← Back to team overview

yahoo-eng-team team mailing list archive

[Bug 1689952] [NEW] conntrack race can blackhole flows to Floating IP

 

Public bug reported:

We have some users who want to receive continuous unidirectional flows
of UDP-over-IPv4 datagram on their instances (sent by some sort of
sensors) via Floating IP.  After we migrate or restart the Neutron
routers serving those instances, the users complain that their instances
stop receiving those packets.

After debugging this for a long time, we have observed that there are
incorrect conntrack entries for those flows in the router's namespace.
Apparently these conntrack entries don't NAT the Floating IP to the
instance's Fixed IP.  When we delete the conntrack entries, they are
quickly replaced with the correct entries, and the instance starts
receiving traffic again.

  $ sudo ip netns exec qrouter-fe77a8ff-769b-4469-8490-1d37873a5671 conntrack -L -d 192.0.2.67
  ...
  udp      17 29 src=192.0.2.7 dst=192.0.2.67 sport=58254 dport=12345 [UNREPLIED] src=192.0.2.67 dst=192.0.2.7 sport=12345 dport=58254 mark=0 use=1
  ...

Note that the original "src" is identical to the response "dst".

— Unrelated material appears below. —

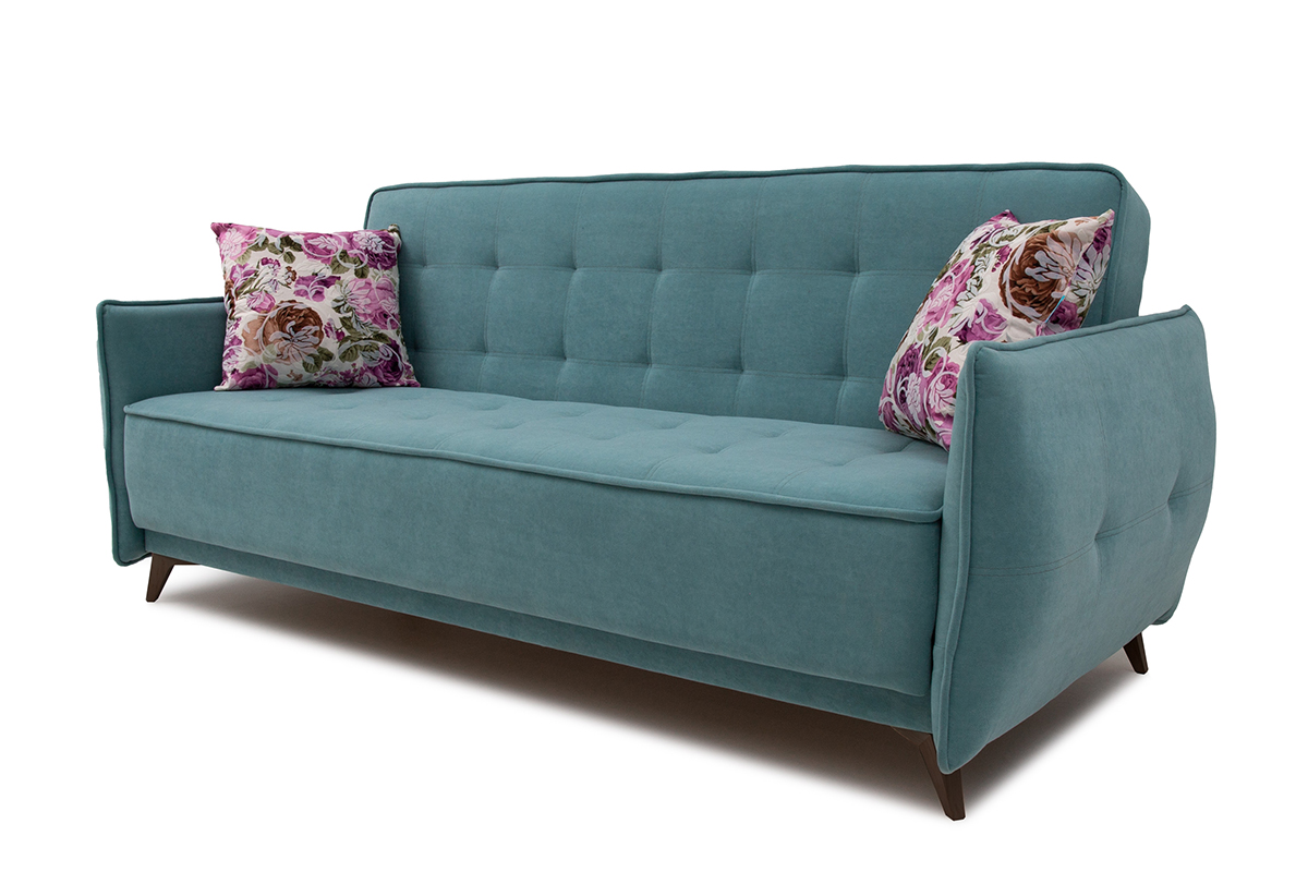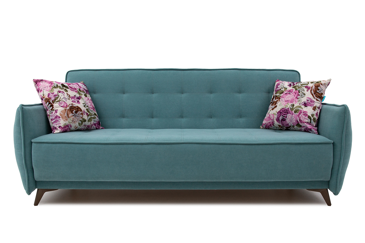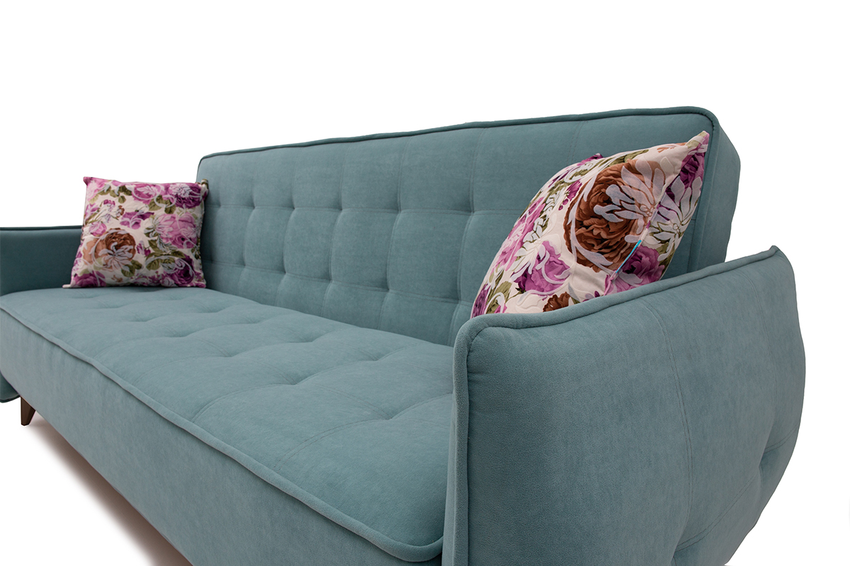 Диван-кровать Азалия — современная, практичная модель, предназначенная для ежедневного отдыха. Имеется ящик для хранения. Идеальное решение для небольшой гостиной городской квартиры. Диван на опорах из натурального массива, он будет удачно гармонировать с изделиями из натуральных пород дерева. Диван-кровать Азалия может комплектоваться креслом и банкеткой. Может выполняться в различных цветовых решениях. Механизм трансформации — «книга».

After deleting the entries (sudo ip netns exec ... conntrack -D -d
192.0.2.67), the (new) entries look like this:

  $ sudo ip netns exec qrouter-fe77a8ff-769b-4469-8490-1d37873a5671 conntrack -L conntrack -d 192.0.2.67
  ...
  udp      17 29 src=192.0.2.7 dst=192.0.2.67 sport=58254 dport=12345 [UNREPLIED] src=10.0.0.107 dst=192.0.2.7 sport=12345 dport=58254 mark=0 use=1
   ...

These entries are much better, because the response "dst" is now the
Fixed IP of the instance (10.0.0.107).

We assume that there is a race condition: When packets for a given
Floating IP arrive at the router namespace before the NAT rules(?) for
that Floating IP have been completely set up, conntrack creates these
incorrect entries.  This is likely if these packets arrive at a high
rate (we have hundreds of those packets per second).  And the incorrect
entries will never time out if the traffic flows continuously.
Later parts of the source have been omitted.